The XL-200 is a random access, clinical chemistry analyzer that can perform up to 400 tests per hour. Clinical chemistry analysis is one of the most widely and routinely performed diagnostics procedures in all clinical diagnostics laboratories.

ERBA Diagnostics interim CEO Sanjiv Suri said the company is excited with this clearance as it enables it to provide a comprehensive clinical chemistry system with instrument and reagent kits for routine clinical chemistry and electrolytes.

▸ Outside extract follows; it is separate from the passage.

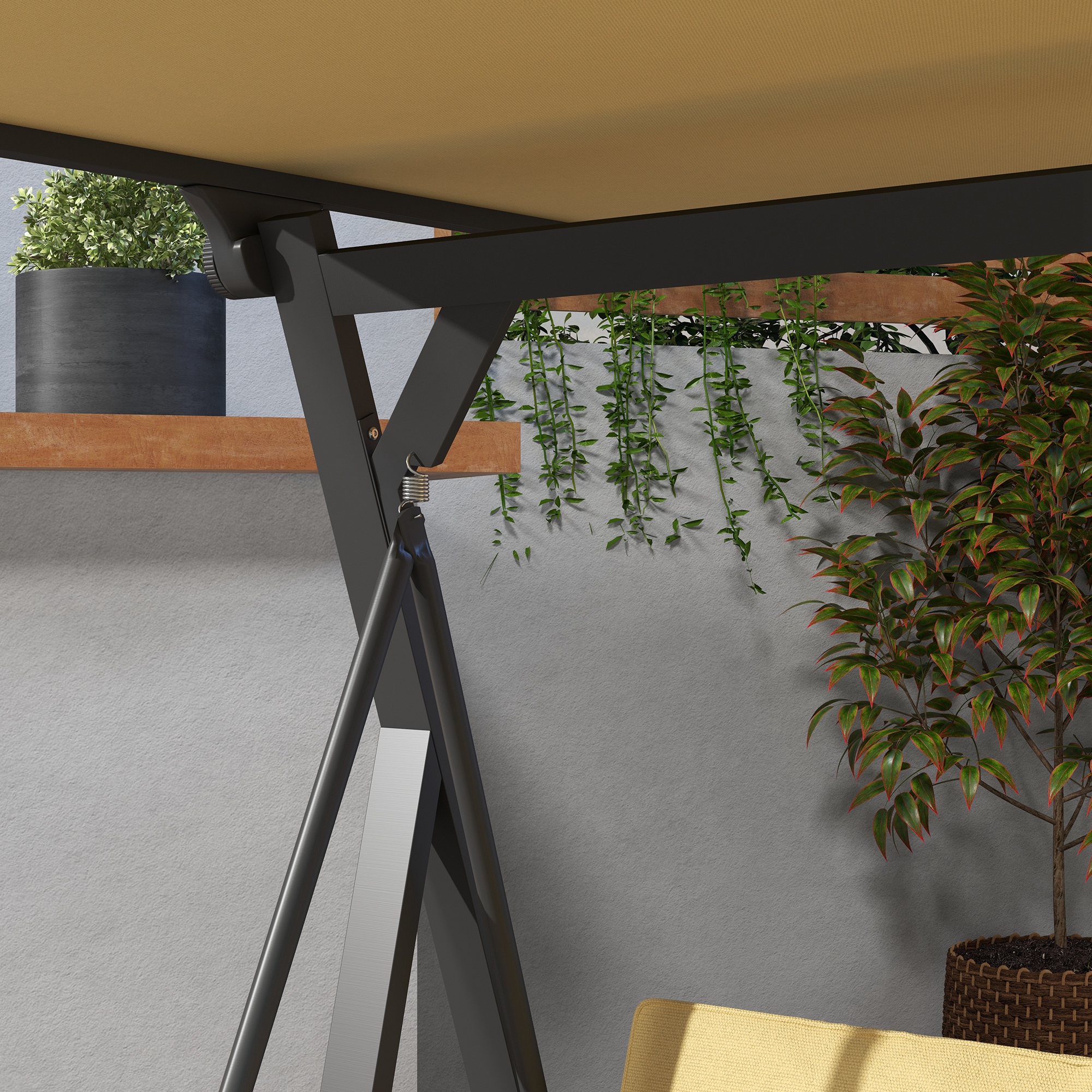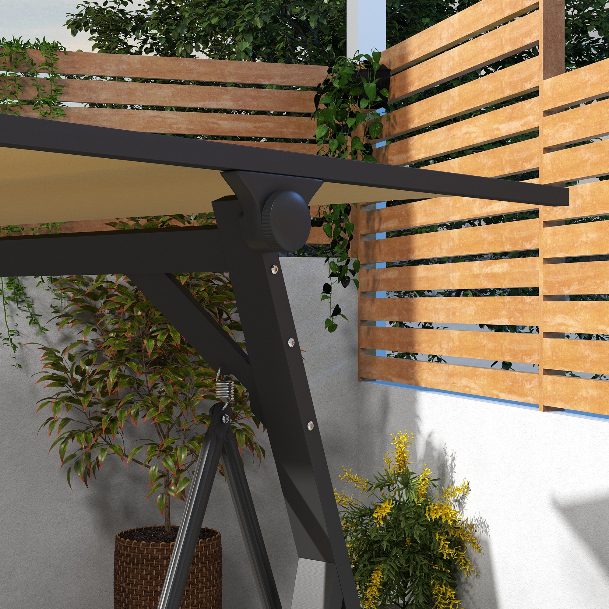 Het robuuste, gepoedercoate stalen frame van de schommelbank kan tot wel 330 kilo dragen, waardoor je met een gerust hart kunt plaatsnemen. De hoogwaardige veren zorgen voor zachte en gelijkmatige bewegingen, terwijl de houtachtige accenten zorgen voor een natuurlijke uitstraling in je tuin.

"We expect the XL 200 to complement and enhance the existing portfolio of immunology and hematology systems we offer to US hospitals, reference labs and physician office labs. We also expect the XL 200 to enhance our position with our key distributors to leverage their efforts and become more relevant to their customers with the enhanced offering.

"Industry analysts estimate that the size of the U.S. clinical chemistry market is approximately $5.0 billion.

"We expect the XL 200 to give us an entry in to this significant market and contribute to our revenue growth in future. Industry analysts have stated that they expect a rise in the number of insured in the U.S. will likely be compounded with other factors to revive the IVD market," Suri added.